BEGIN SUPPLIED INFORMATION

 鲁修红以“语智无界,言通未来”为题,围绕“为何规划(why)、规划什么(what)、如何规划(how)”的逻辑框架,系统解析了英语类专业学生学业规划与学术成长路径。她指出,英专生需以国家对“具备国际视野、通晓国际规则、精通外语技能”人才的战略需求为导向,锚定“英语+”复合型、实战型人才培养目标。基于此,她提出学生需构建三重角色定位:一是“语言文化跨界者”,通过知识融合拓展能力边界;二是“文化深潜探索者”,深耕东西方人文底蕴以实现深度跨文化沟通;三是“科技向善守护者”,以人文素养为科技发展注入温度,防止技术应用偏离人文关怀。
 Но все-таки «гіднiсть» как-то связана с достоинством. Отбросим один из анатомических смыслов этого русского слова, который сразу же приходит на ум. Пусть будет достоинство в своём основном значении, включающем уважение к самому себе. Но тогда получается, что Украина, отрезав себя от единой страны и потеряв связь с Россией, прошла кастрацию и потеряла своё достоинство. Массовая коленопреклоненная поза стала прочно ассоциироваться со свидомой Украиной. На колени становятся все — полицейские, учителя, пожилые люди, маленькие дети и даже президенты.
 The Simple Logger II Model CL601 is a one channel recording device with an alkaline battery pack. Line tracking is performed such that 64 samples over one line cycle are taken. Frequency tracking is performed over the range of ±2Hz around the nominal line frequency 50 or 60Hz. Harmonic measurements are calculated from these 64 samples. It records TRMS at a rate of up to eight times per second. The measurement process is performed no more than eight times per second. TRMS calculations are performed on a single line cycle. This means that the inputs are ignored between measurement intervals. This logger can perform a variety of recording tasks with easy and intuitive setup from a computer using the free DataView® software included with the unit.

END SUPPLIED INFORMATION
BEGIN SUPPLIED INFORMATION

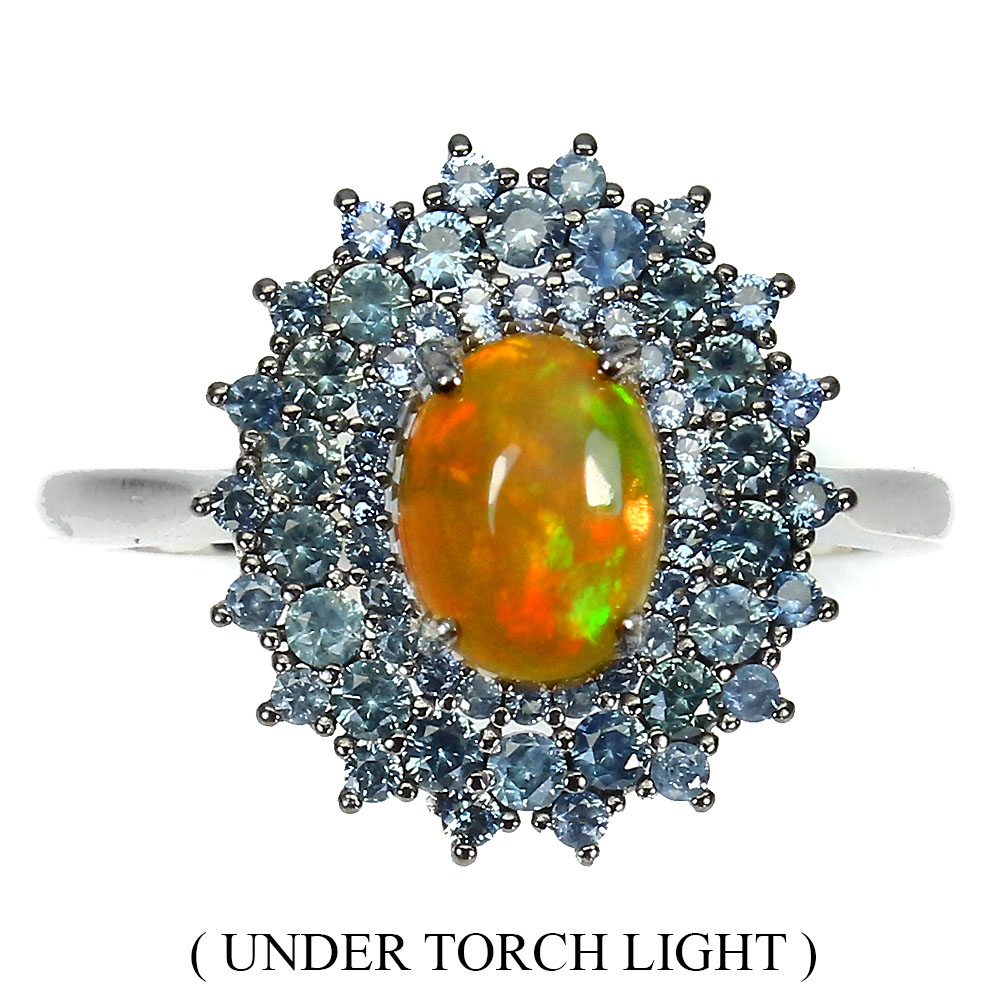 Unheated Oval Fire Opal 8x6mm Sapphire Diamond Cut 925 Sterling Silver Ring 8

END SUPPLIED INFORMATION

◆ WORK REQUIRED
Find the line with "и даже президенты." in the material above. Reproduce it and each line after it up to and including the line with "The Simple Logger".

◆ ANSWER TO THE EXERCISE
 Но все-таки «гіднiсть» как-то связана с достоинством. Отбросим один из анатомических смыслов этого русского слова, который сразу же приходит на ум. Пусть будет достоинство в своём основном значении, включающем уважение к самому себе. Но тогда получается, что Украина, отрезав себя от единой страны и потеряв связь с Россией, прошла кастрацию и потеряла своё достоинство. Массовая коленопреклоненная поза стала прочно ассоциироваться со свидомой Украиной. На колени становятся все — полицейские, учителя, пожилые люди, маленькие дети и даже президенты.
 The Simple Logger II Model CL601 is a one channel recording device with an alkaline battery pack. Line tracking is performed such that 64 samples over one line cycle are taken. Frequency tracking is performed over the range of ±2Hz around the nominal line frequency 50 or 60Hz. Harmonic measurements are calculated from these 64 samples. It records TRMS at a rate of up to eight times per second. The measurement process is performed no more than eight times per second. TRMS calculations are performed on a single line cycle. This means that the inputs are ignored between measurement intervals. This logger can perform a variety of recording tasks with easy and intuitive setup from a computer using the free DataView® software included with the unit.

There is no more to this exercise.